To run the workflow:
- Click on the
Actions
tab at the top of the DELPH-IN docs repository on GitHub. - Then click
BuildDocs
on the left side of the page. At this point you'll see a record of previous runs (if they weren't deleted) - Finally, click the
Run Workflow
button the right side and thenRun Workflow
on the UI that appears
At this point the workflow will begin running and you'll see its status. When done, it will have a green checkmark for success or a red X for failure. If it was successful the docs have been immediately published and you can browse them live. It takes about 10 minutes to run.
You can also click on the row that represents the run you just did and you'll see an "Artifacts" section at the bottom. This gives you files that get output by the run:
All Links
: A Json file that lists every link in every document included in every site and whether they are broken, valid, etc. Useful for debugging. If you chose to check external links (which takes about 1.5 hours) the validity of those will be included. Otherwise only internal links between wiki pages are checked.All Pages
: Lists every page in every site.Fixes for Broken Links to Pages
: Creates page definitions suitable for including insitesdefinition.json
for every broken link and for every page that was not included from a site that hadReportUnusedWikiEntries
set to true (this allows detecting pages that weren't linked to and not included). Note that this includes adding entries for wiki pages that don't exist (those will have theFileMissing
field set in their definition). This allows you to simply copy theFile
definition to thesitesdefinition.json
file to include it and fix the broken link. It includes the transitive closure of all broken links (i.e. the links from those files to other files that aren't included, and so on). If you included all of these files insitesdefinition.json
, there would be no broken (Wiki) links!
Note that a file that was linked to but didn't exist will have a definition in
Fixes for Broken Links to Pages
as well, but will include a"FileMissing": True
field. Obviously don't add this to the site without also creating the file that was missing!

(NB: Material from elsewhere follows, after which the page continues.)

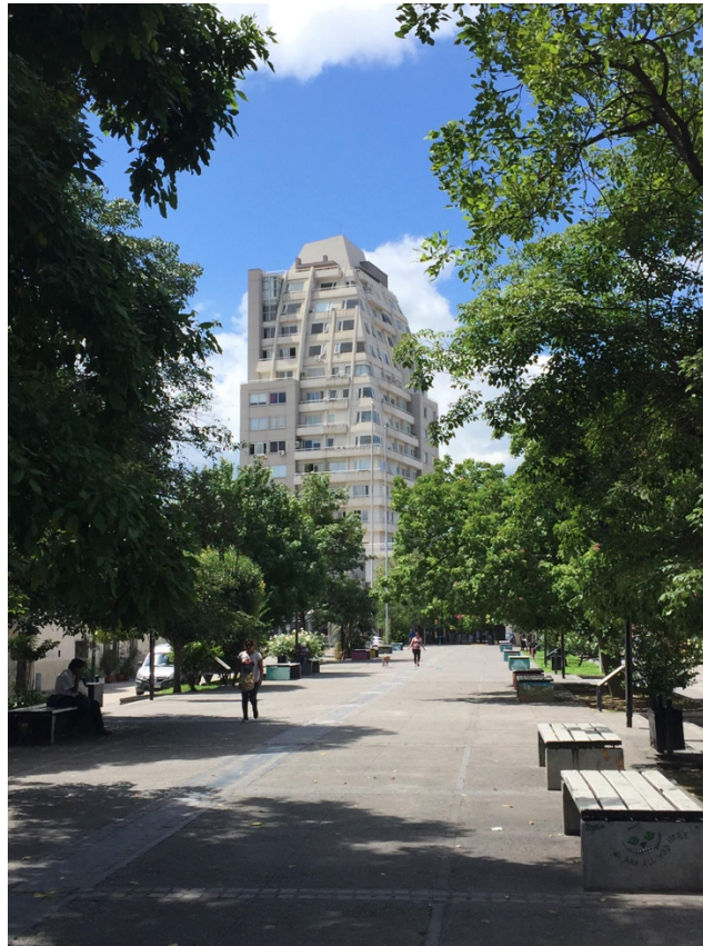
Fig.7. Arroyo Esteco Soterrado.

A fin de mejorar los índices de Calidad de bosque de ribera sería necesario garantizar la cubierta vegetal existente y llevar a cabo proyectos de restauración que mejorara el canopeo arbóreo o cobertura con especies nativas. Para incrementar los beneficios que aportarían los canales urbanos se debería trabajar en especial en incrementar los beneficios ecológicos, sociales y económicos. Para los primeros, sería imprescindible disminuir el porcentaje de superficies impermeables lo cual permitiría el arraigado de vegetación, especialmente palustre. Esto, sumado a mantener un espejo de agua, aumentaría la oferta de hábitat de fauna. Una mixtura de usos en los predios frentistas mejoraría en el eje económico y aportaría al social, con mayor presencia de gente en la calle. Para esto, sería adecuado mejorar o incorporar mobiliario urbano que permitiera a la gente sentarse y practicar actividades físicas activas.

If it failed, click on the row that represents the run you just did and you'll see an error file. If you open this file, all of the errors encountered will be listed. Fix those and rerun the workflow. In rare cases, you might need to click on the run, and then on the box that represents the "build" part of the workflow. That will expand all the details of the run and show you why it failed. The biggest source of failure is not formatting the JSON file correctly.
Note that any section named <todo>
that is included in the docs will not be included in the output. However, any pages in it will be counted as "valid" when linked to, even if they don't exist in the site. This is a mechanism for removing them from being added to the "Fixes for Broken Links to Wiki Pages" output file that the build generates.